### Instructions for the task
Using the material below, print the line that contains "Dark Blue Snap", the line that contains "A diciotto anni", and every line in between, exactly and nothing else.

### Records to use
——

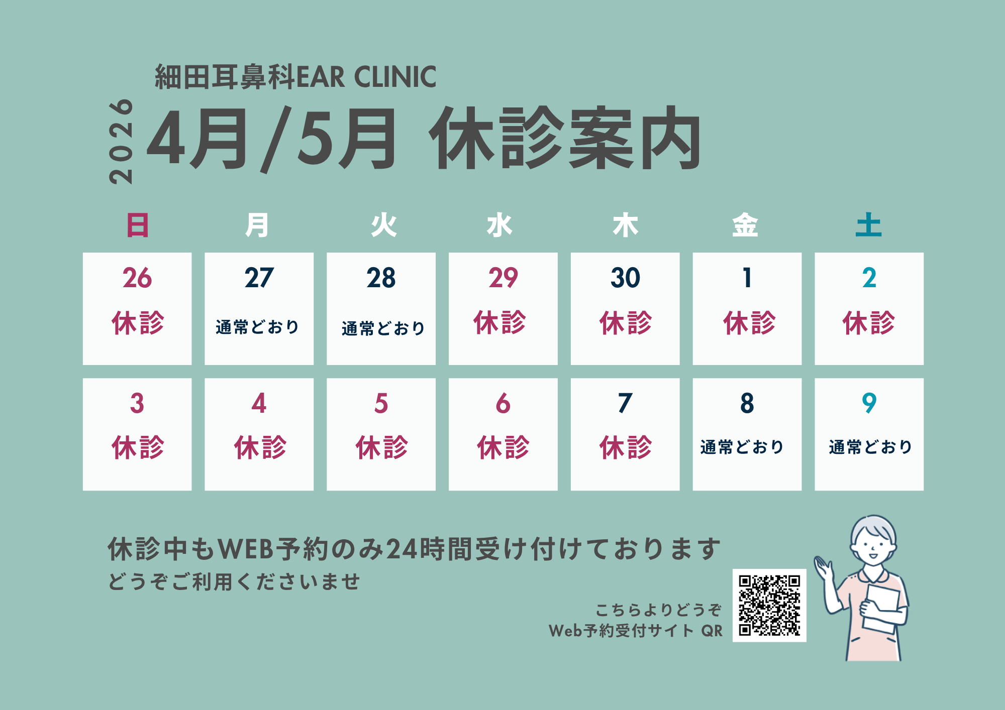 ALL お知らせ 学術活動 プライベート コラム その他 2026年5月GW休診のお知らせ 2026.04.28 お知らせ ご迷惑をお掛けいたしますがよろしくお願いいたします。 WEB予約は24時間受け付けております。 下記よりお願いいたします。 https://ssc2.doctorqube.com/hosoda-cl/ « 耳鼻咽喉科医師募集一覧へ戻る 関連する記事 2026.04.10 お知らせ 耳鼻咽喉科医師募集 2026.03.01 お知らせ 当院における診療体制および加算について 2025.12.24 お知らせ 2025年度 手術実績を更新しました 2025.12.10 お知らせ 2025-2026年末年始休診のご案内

——

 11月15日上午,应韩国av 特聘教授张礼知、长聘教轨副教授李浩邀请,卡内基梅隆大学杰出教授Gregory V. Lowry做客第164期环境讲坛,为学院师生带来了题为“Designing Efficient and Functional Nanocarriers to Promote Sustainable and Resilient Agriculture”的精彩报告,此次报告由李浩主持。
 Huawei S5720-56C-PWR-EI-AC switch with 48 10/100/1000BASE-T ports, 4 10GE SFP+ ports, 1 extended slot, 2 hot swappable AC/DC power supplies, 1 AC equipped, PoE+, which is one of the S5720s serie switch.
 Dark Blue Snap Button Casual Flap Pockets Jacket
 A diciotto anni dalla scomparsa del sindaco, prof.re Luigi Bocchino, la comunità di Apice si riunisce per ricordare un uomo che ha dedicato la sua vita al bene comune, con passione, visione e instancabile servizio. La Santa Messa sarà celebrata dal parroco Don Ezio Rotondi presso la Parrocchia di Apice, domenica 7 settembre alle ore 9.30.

——

### Solution below
 Dark Blue Snap Button Casual Flap Pockets Jacket
 A diciotto anni dalla scomparsa del sindaco, prof.re Luigi Bocchino, la comunità di Apice si riunisce per ricordare un uomo che ha dedicato la sua vita al bene comune, con passione, visione e instancabile servizio. La Santa Messa sarà celebrata dal parroco Don Ezio Rotondi presso la Parrocchia di Apice, domenica 7 settembre alle ore 9.30.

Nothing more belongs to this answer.